Wednesday, July 6, 2011

Sideways Fires, Paralyzed Hikers, and Water Falling from the Sky

     The Fourth of July has never been an event that I exclusively look forward to. The idea of being forced into what feels like a war zone isn't so appealing and the fact that we do it for fun kind of disgusts me. Am I the only one who sees fireworks that way? Think about it: searing rockets splitting the sky, explosions surrounding you, random bursts of light and flame engulfing the air...we imitate a war zone! And we do it for fun! Sick. Really sick.
     By the time it was dark enough to do fireworks, I was exhausted. Earlier, my family had hiked at Sundance and we met a young girl with a birth defect who was unable to walk on her own. Her left pant-leg, just below the knee, hung empty and swayed in the wind. I watched her skillfully maneuver her crutches along the trail that was maybe barely a foot wide. My dad talked to her and her dad as we hiked. They were visiting from Tennessee and their Southern accents told stories and random facts about themselves in a way that vaguely reminded me of the get-to-know-you game. I learned that this girl went all through high school on crutches. She never used a wheelchair and never wanted one. She liked hiking, and just because one leg was dysfunctional, didn't mean she wasn't going to do it. Her dad mentioned that she was wanting to hike to the Timpanogos Caves before they left (Can you imagine? I don't like the steep incline on two legs, let alone on crutches!). All in all, they were nice people and I was absolutely blown away at how well she handled the hike. It's amazing to see people who, despite their circumstances, simply refuse the idea that something can't be done. If I were in her situation, I can pretty much guarantee that I would not be hiking. In all honesty, I'd probably take the wheelchair. It was neat to learn about them. That hike was easily one of my favourite hikes, simply because I knew that I had nothing on her and certainly no room to complain. It's a comfort to know that there are still goodhearted people out there who put their full effort into achieving what some would call impossible. Afterall, someone's going to have to compensate for people like me.
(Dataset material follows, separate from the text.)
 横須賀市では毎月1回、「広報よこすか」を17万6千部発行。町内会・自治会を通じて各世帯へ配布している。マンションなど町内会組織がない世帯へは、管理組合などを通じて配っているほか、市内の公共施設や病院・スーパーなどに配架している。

     No, sharing that story doesn't really give me room to complain about how tired I was, but really, I was done for the day. There's a reason I don't have a birth defect; I'm not the inspirational type.
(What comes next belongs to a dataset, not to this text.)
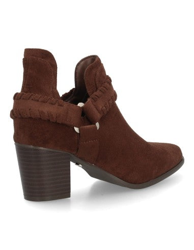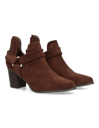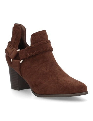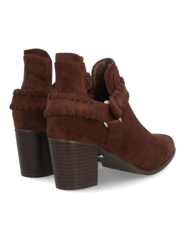 Botín con tacón para mujer con tiras tranzadas y detalle de hebilla triangular con corte lateral abierto acabado afelpado para entretiempo. Tacón comodo ideal uso diario.

While my dad was getting ready to start the fireworks, we had a conversation that went something like this:

     "Dad, we're the only ones doing fireworks on our whole street."

     "Well...oh, look! That family down there is doing some."
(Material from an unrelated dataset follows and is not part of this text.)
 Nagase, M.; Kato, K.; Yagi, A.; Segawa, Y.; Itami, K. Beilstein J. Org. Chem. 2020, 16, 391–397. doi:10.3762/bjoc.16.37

     "They don't count. The point is, we never get invited to parties."

     And I was SO right.
     The street adjacent ours had a huge crowd gathered and they were blowing up some really big fireworks. Y'know, the ones that are now apparently legal? Yeah, those ones. While those were blowing up, I got to watch my dad occasionally burn his finger and curse the fuse lines on our Walmart package. Y'know, the fireworks that spit colours from a box? Yeah, those ones. So, we watched our fireworks, overwhelmed with excitement as they were clearly the most compelling fireworks on the block that night, and then...it started raining. I experienced a new perspective of fireworks this year. After the wind knocked them over, I had the unique privilege of watching them catch fire and melt their packaging. We ended up just going inside and watching television.
      What can I say? Whit Happens.

P.S. I don't usually mix my sarcastic complaints with serious issues. I really do, sincerely, admire that girl from the hike. I'm not trying to make light of her injury.